Don't rush to program with GPT-5, it may not be as powerful as you think. Someone discovered that the SWE-bench Verified, the official test for programming ability, was wrong and only used 477 questions. What does it mean? We know that SWE-bench is a common and commonly used indicator to evaluate the autonomous programming ability of a model/agent. As a subset of it, SWE-bench Verified originally had a total of 500 questions.


Now it is equivalent to the 23 questions that OpenAI omitted by itself, and it has been solved by itself"subset" of subsetto evaluate model capabilities.

And if these questions default to zero points, the score is actually lower than Claude Opus 4.1. Because now the difference is only 0.4%.


This is not the first time that OpenAI has ignored 23 questions.

As early as when GPT-4.1 was released, they vowed that they were ignored because the solutions to these problems could not run on their infrastructure.


Outrageous, friends! You must know that SWE-bench Verified was proposed by OpenAI itself. The reason is that SWE-bench cannot systematically evaluate the programming ability of the model, so it decided to refine a subset by itself.

Now because the test questions cannot run normally, I have created a "subset" of the subset myself.

I thought it was outrageous enough that there were chart errors in the GPT-5 live broadcast, but now you tell me that the results may be fake?
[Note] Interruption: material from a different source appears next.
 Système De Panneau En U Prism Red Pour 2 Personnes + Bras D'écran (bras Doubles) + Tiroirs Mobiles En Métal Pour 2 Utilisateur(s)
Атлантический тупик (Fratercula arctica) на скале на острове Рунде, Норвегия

OpenAI keeps omitting 23 questions

Some netizens have begun to discover that the capabilities of GPT-5 are not much better than Claude 4.1 Opus.
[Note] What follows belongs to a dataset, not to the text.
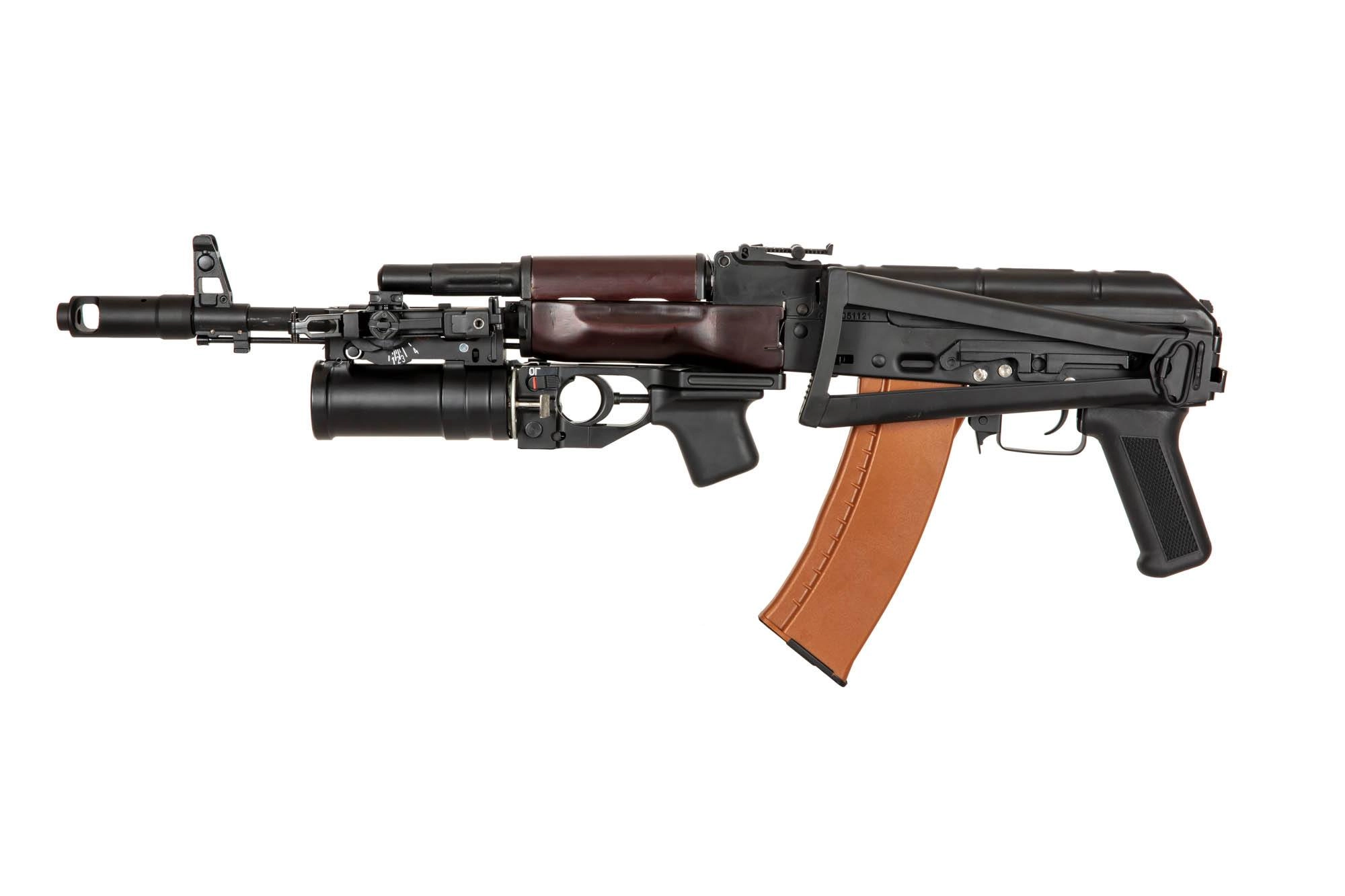 Co ciekawe replika została wyposażona w replikę rosyjskiego granatnika w zestawie z granatem gazowym typu VOG na 32 kulki.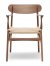 La chaise CH26 est fabriquée par Carl Hansen & Søn d'après des dessins originaux du designer Hans J. Wegner datant de 1950, qui ont été redécouverts. La signature design de Hans J. Wegner est également clairement visible sur le piètement de la chaise CH26 qui possèdent formes organiques, nuances de bois clairs, dossier et assise paillé. Tout comme la chaise longue CH22 de Wegner, l'assise CH26 dispose également d'une forme ergonomique et de la forme incurvée des accotoirs si caractéristique.

Looking at it now, this official result may have no reference value at all.

In addition to the discovery that netizens "falsified the results" by ignoring some test questions, they also discovered that they were comparing GPT-5, which has the greatest thinking effort, with Opus 4.1, which does not extend thinking and only relies on the output of the original model. This comparison is actually meaningless.


The reason why they only used 477 questions for testing was the same as when GPT-4.1 was released, because their internal infrastructure could not run the remaining 23 questions.
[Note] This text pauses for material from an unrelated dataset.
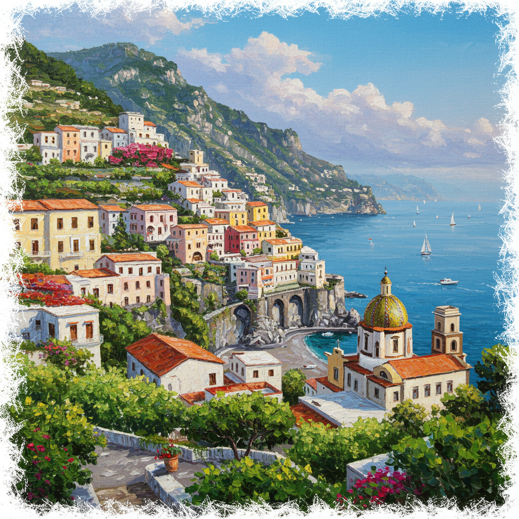 Impressionist oil painting of the Amalfi Coast on a bright, sunny day. Lively, colorful buildings and charming domes perch atop cliffs, gazing out over the serene sea with sailboats dotting the horizon. The lush greenery cascading down the cliffs adds a vibrant, verdant touch. The scene comes alive with vibrant colors and detailed brushstrokes, with a textured canvas effect enhancing its impressionistic technique. The artwork is high resolution, capturing the essence of Mediterranean beauty with a creative flair, evoking the allure of warm Italian landscapes.

When GPT-4.1 was released in April this year, it scored 54.6% using only 477 questions on the same benchmark.

Officials also pointed out at the time that if the scores for these questions were conservatively set at 0, the score of 54.6% would become 52.1%. Even so, this value was the highest at the time.


As for Anthropic, they have actually discovered the OpenAI operation.

Just when Claude Opus 4.1 was released and announced the programming results, there was this sentence at the end of the article.


For the Claude 4 series models, they continue to use the same simple framework, which only equips the models with two tools - a Bash tool and a tool for file editing via string replacement, and no longer includes the third "planning tool" used in Claude 3.7 Sonnet.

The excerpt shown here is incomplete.